Where coding agents excel (and where they don’t)

This is a first-person, hands-on writeup of how I experienced using Copilot coding agents today. I include examples, a gotcha I hit while using it, and a short checklist so you can try it in your repos.

Why I started using Copilot coding agents

I started experimenting with Copilot coding agents because I wanted to scaffold a lot of things which IDE-based agents do not, and to see what an assistant could do for me (refactoring scaffolding, creating test harnesses, running quick migrations) and actually execute code in a prepared environment instead of just suggesting edits. Over the last few months I tested agents on various projects and refined a small set of rules that helped me experience the current possibilities of delegating tasks to an agent.

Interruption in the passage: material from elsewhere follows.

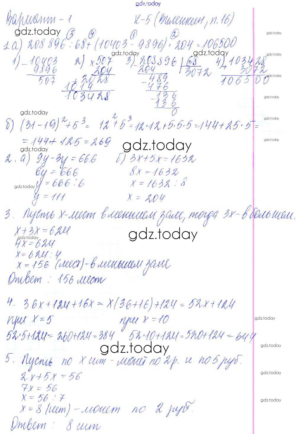 Ответы к КР-5. Варианты Решение к контрольные работам к учебнику Виленкина 1 Дидактическим материалам по Математике для 5 класса Чесноков, Нешков Академкнига 2014

Beyond IDE Agents: What Copilot Coding Agents Can Do

Unlike traditional IDE-based agents, Copilot coding agents can perform a broader range of actions, including:

Branch Creation: Automatically create new branches for development tasks.
Environment Setup and WIP PRs: Set up development environments and initiate Work-In-Progress (WIP) Pull Requests on GitHub.
Task/Issue Deduction: Understand and deduce tasks from issues or descriptions. Those tasks will be put in the WIP PR description.
Building and Running Tasks: Execute build processes and run various development tasks defined in earlier steps.
WIP PR to Draft PR: Transition a WIP Pull Request to a draft Pull Request with a pre-filled body.

Where coding agents excel (and where they don’t)

Based on my experience, here’s where coding agents currently shine and where they struggle:

✅ Good at:

Little tasks: Small, well-defined tasks are handled well.
Dependency updates: Updating dependencies is a task that agents can perform reliably.

⚠️ Okay at:

Tasks with a lot of moving parts: For example, major refactors can be challenging for agents to handle on their own.

❌ Terrible at:

Major UI things: User interface work is not a strong suit for coding agents at the moment.

How agents run in practice: the `copilot-setup-steps.yml` convention

The typical flow I use now is:

Create .github/workflows/copilot-setup-steps.yml on the repository’s default branch.
In that workflow, prepare everything the agent needs: runtimes, credentials (via environment secrets), databases, caches.
Let the agent run against that prepared environment: the agent then performs code changes, runs tests, and can open PRs as usual.

Treat copilot-setup-steps.yml as a minimal pre-flight script: it should be fast, idempotent, and only prepare what the agent actually needs.

Minimal example I use as a starting point

name: GitHub Copilot Setup

on: workflow_dispatch

jobs:
  copilot-setup-steps:
    name: Setup Environment for GitHub Copilot
    runs-on: ubuntu-latest
    permissions:
      id-token: write
      contents: read
    environment: copilot
    steps:
      - name: Setup dotnet
        uses: actions/setup-dotnet@v5
        with:
          dotnet-version: 9.0.x
      - name: checkout
        uses: actions/checkout@v5
      - name: Configure NuGet sources
        run: |
          if [[ -n "${{ secrets.PACKAGES_PAT }}" ]]; then
            dotnet nuget update source "github" --username this-is-irrelevant --password ${{ secrets.PACKAGES_PAT }} --store-password-in-clear-text
          else
            echo "Could not find Packages PAT"
            exit 1
          fi
      - name: Azure login
        uses: azure/login@v2
        with:
          client-id: ${{ secrets.AZURE_CLIENT_ID }}
          tenant-id: ${{ secrets.AZURE_TENANT_ID }}
          subscription-id: ${{ secrets.AZURE_SUBSCRIPTION_ID }}

Notes from my experience:

the job name should be copilot-setup-steps and file copilot-setup-steps.yml exactly. others are ignored.
Keep this workflow quick — long boot times mean more waiting (and, on paid plans, more compute cost).
remember to have permissions regarding checkout and your login. Respectively contents: read and id-token: write.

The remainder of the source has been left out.